**Task**
The data below holds the lines to copy: everything from the line containing "WYSIWYG1754993657079 Unique WYSIWYG" to the line containing "This Camera Hot", both ends included, set down exactly.

**Records to process**
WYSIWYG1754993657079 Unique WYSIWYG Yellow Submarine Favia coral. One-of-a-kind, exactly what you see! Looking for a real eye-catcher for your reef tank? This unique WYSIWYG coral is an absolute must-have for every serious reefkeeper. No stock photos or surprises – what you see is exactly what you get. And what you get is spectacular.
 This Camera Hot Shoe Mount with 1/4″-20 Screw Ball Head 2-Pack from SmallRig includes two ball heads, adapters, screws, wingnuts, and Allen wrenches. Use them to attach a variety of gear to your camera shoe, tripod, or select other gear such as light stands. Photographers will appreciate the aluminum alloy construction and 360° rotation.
* * *
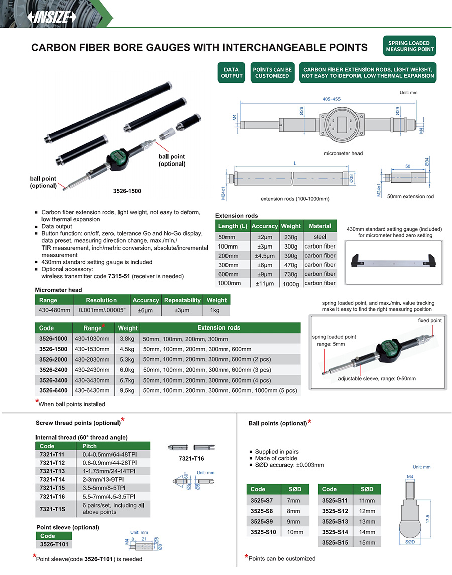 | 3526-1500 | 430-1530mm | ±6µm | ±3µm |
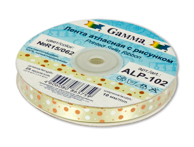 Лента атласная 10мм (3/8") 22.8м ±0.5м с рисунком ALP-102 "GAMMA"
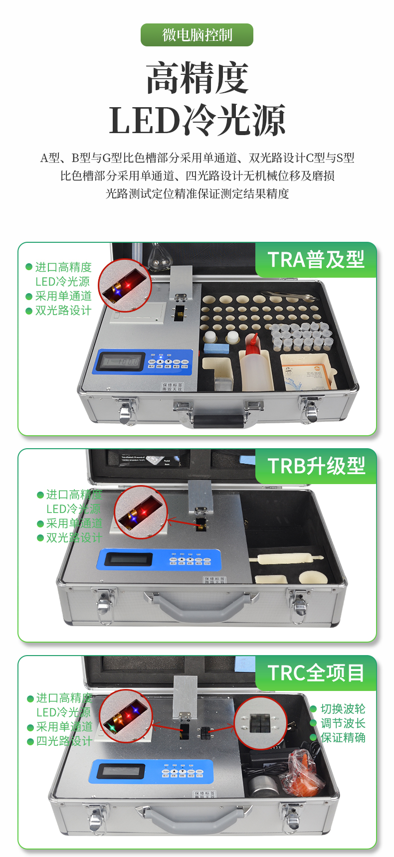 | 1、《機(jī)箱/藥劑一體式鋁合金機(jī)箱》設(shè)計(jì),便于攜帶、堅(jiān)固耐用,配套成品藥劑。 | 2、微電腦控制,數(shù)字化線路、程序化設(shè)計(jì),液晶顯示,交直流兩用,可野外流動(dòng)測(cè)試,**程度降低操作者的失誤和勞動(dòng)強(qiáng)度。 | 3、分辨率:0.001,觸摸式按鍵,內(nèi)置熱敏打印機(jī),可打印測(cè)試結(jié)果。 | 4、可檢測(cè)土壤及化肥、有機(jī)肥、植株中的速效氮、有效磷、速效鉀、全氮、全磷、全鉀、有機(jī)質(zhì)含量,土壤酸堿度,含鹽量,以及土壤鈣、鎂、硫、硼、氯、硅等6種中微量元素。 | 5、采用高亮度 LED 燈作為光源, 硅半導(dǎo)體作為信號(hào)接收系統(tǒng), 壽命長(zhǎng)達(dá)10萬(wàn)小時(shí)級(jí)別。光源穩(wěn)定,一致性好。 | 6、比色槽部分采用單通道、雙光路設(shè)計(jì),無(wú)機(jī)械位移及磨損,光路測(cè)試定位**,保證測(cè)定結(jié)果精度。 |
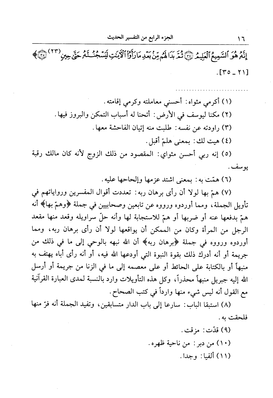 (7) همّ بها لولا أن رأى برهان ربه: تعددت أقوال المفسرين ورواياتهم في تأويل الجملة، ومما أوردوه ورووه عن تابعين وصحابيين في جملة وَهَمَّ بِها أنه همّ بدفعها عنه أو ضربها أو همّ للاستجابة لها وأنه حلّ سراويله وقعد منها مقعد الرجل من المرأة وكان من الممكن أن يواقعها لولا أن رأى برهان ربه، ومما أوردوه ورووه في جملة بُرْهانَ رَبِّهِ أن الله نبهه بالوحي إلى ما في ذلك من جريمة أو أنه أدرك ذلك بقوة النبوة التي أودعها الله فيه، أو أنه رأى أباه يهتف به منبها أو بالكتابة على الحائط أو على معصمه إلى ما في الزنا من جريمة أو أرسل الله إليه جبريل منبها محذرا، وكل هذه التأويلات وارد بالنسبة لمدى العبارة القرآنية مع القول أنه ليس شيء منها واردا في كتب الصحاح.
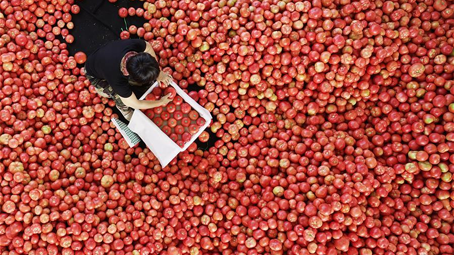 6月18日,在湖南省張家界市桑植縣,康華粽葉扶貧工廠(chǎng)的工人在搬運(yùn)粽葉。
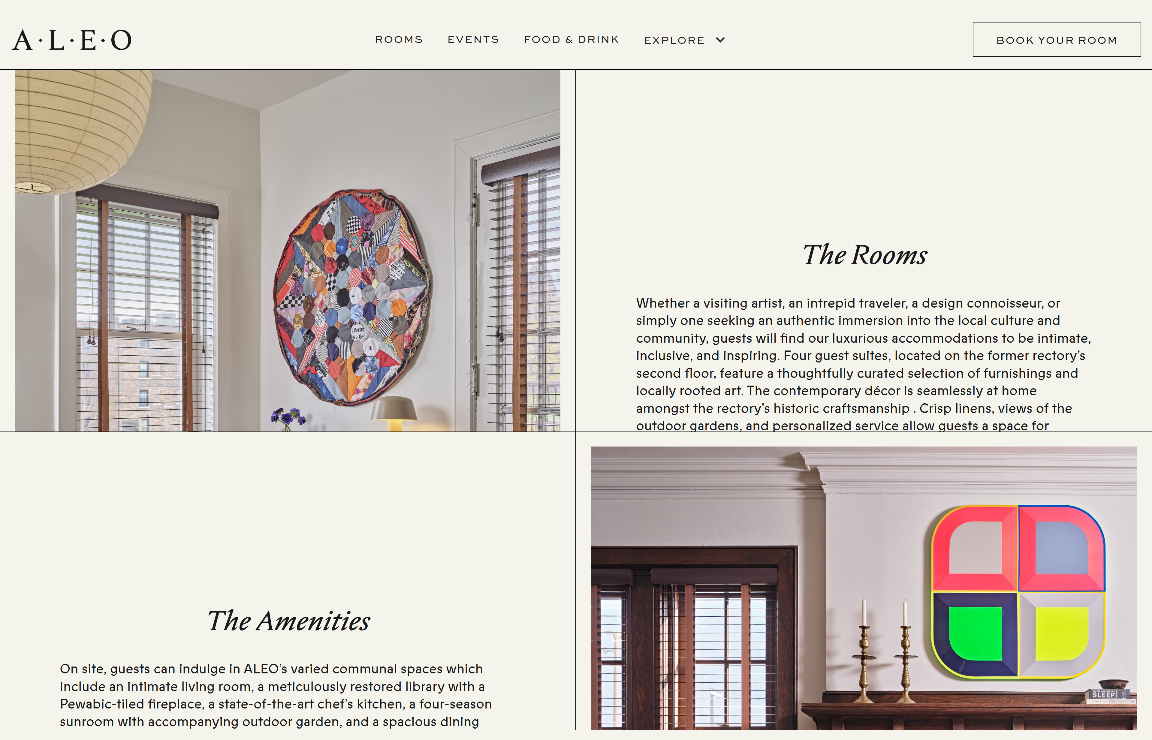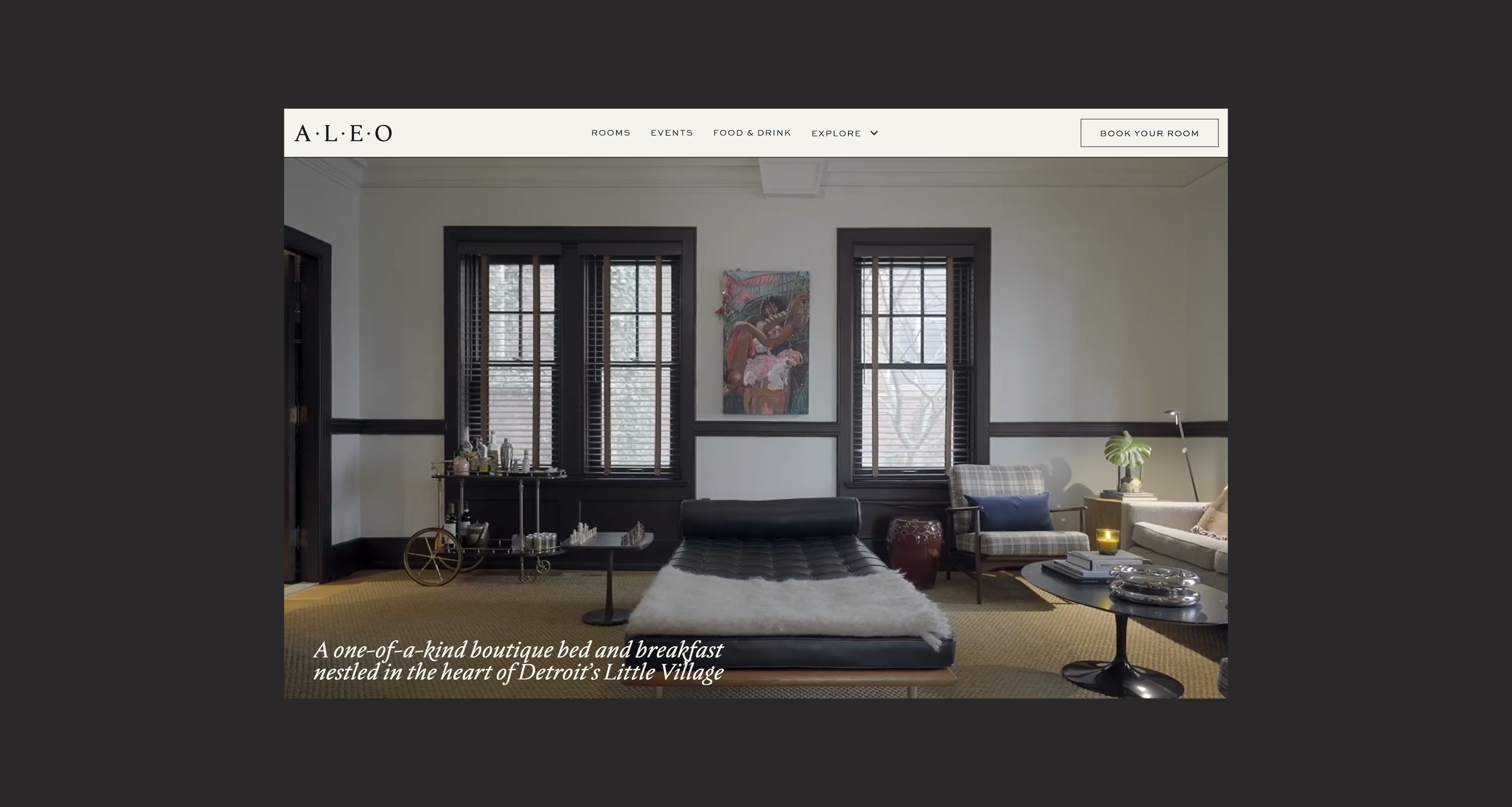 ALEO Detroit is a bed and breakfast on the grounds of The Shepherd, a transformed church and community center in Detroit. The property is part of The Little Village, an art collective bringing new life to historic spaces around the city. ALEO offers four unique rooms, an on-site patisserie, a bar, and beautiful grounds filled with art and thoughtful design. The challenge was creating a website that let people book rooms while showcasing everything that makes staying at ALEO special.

**Output for this exercise**
WYSIWYG1754993657079 Unique WYSIWYG Yellow Submarine Favia coral. One-of-a-kind, exactly what you see! Looking for a real eye-catcher for your reef tank? This unique WYSIWYG coral is an absolute must-have for every serious reefkeeper. No stock photos or surprises – what you see is exactly what you get. And what you get is spectacular.
 This Camera Hot Shoe Mount with 1/4″-20 Screw Ball Head 2-Pack from SmallRig includes two ball heads, adapters, screws, wingnuts, and Allen wrenches. Use them to attach a variety of gear to your camera shoe, tripod, or select other gear such as light stands. Photographers will appreciate the aluminum alloy construction and 360° rotation.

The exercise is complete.